GIVEN MATERIAL
※ ※ ※

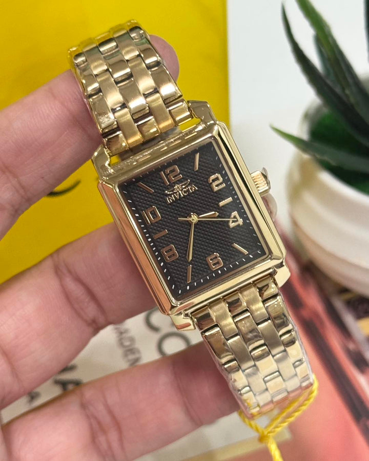El Invicta Vintage en color oro es la máxima expresión de lujo y elegancia, ideal para la mujer que busca un accesorio cómodo y exclusivo. Su diseño resplandeciente en acero quirúrgico inoxidable, lo convierte en una pieza única que eleva cualquier look.
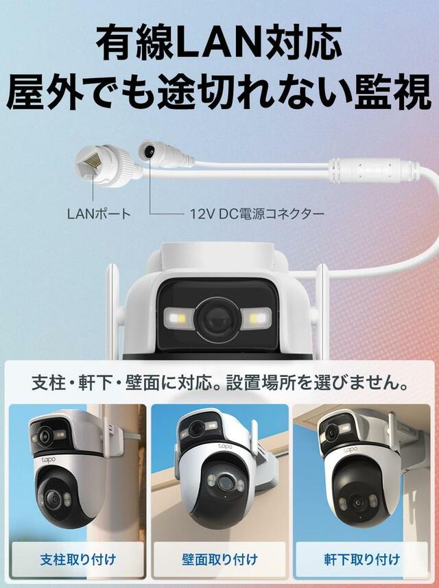 さらに心強いのは、Tapoのデュアルレンズモデルとして初めて有線LANポートが搭載されたこと。
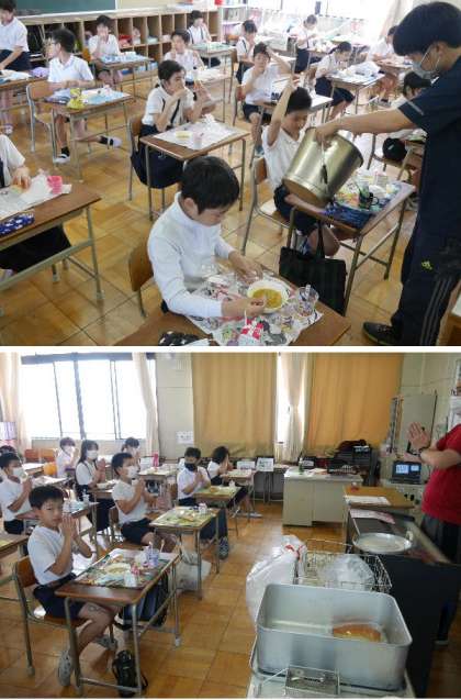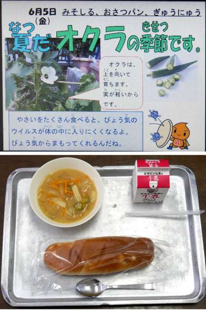 今日の給食は、みそしる、おさつパン、牛乳でした。みそしるには、いろいろな野菜がはいっていて、とてもおいしかったですね。
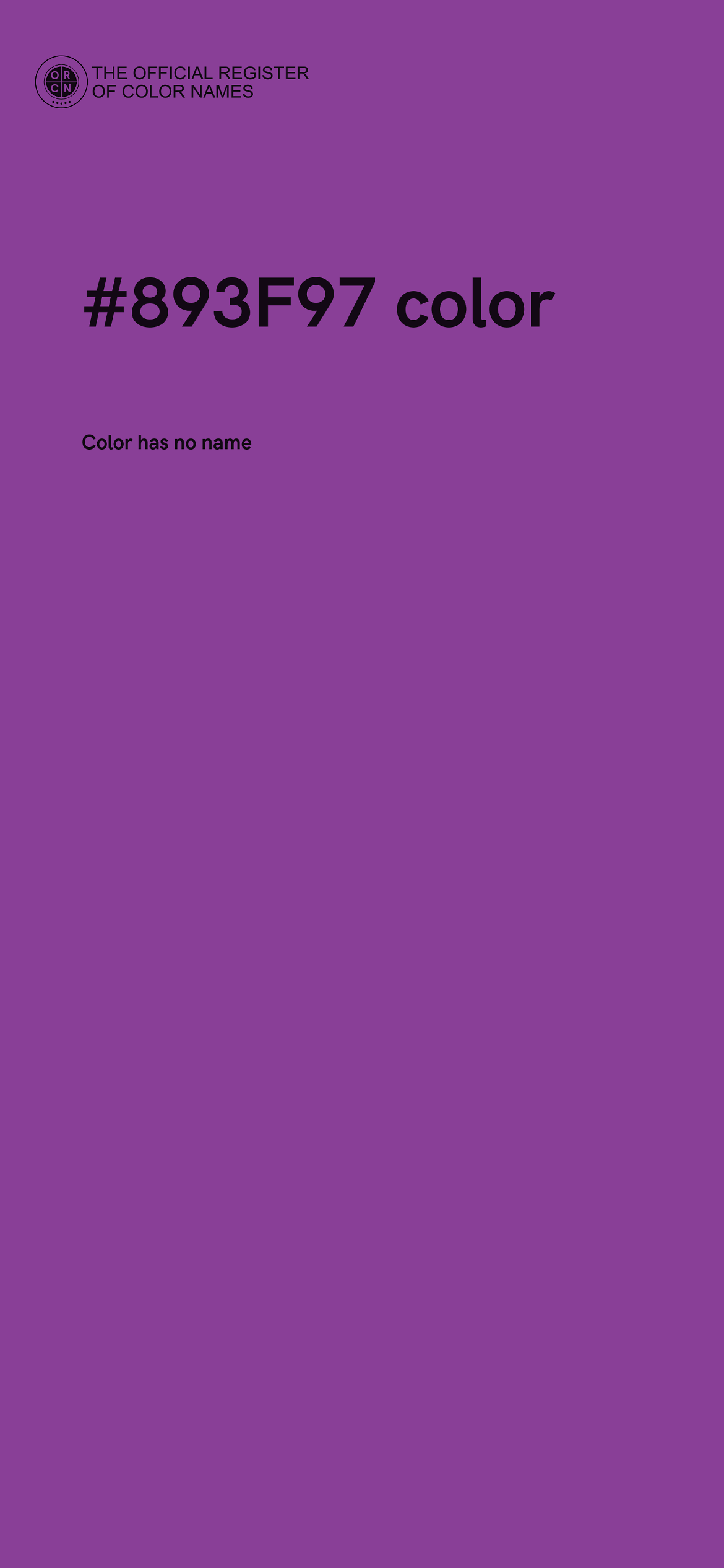 The digital color HEX #893F97 belongs to the Magenta Color Family featuring Moderate Saturation (Saturation Family) and Light (Brightness Family).

※ ※ ※

EXERCISE PROMPT
The pictures are to be omitted, and the rest of the listing is to be transcribed exactly.

COMPLETED EXERCISE
El Invicta Vintage en color oro es la máxima expresión de lujo y elegancia, ideal para la mujer que busca un accesorio cómodo y exclusivo. Su diseño resplandeciente en acero quirúrgico inoxidable, lo convierte en una pieza única que eleva cualquier look.
 さらに心強いのは、Tapoのデュアルレンズモデルとして初めて有線LANポートが搭載されたこと。
 今日の給食は、みそしる、おさつパン、牛乳でした。みそしるには、いろいろな野菜がはいっていて、とてもおいしかったですね。
 The digital color HEX #893F97 belongs to the Magenta Color Family featuring Moderate Saturation (Saturation Family) and Light (Brightness Family).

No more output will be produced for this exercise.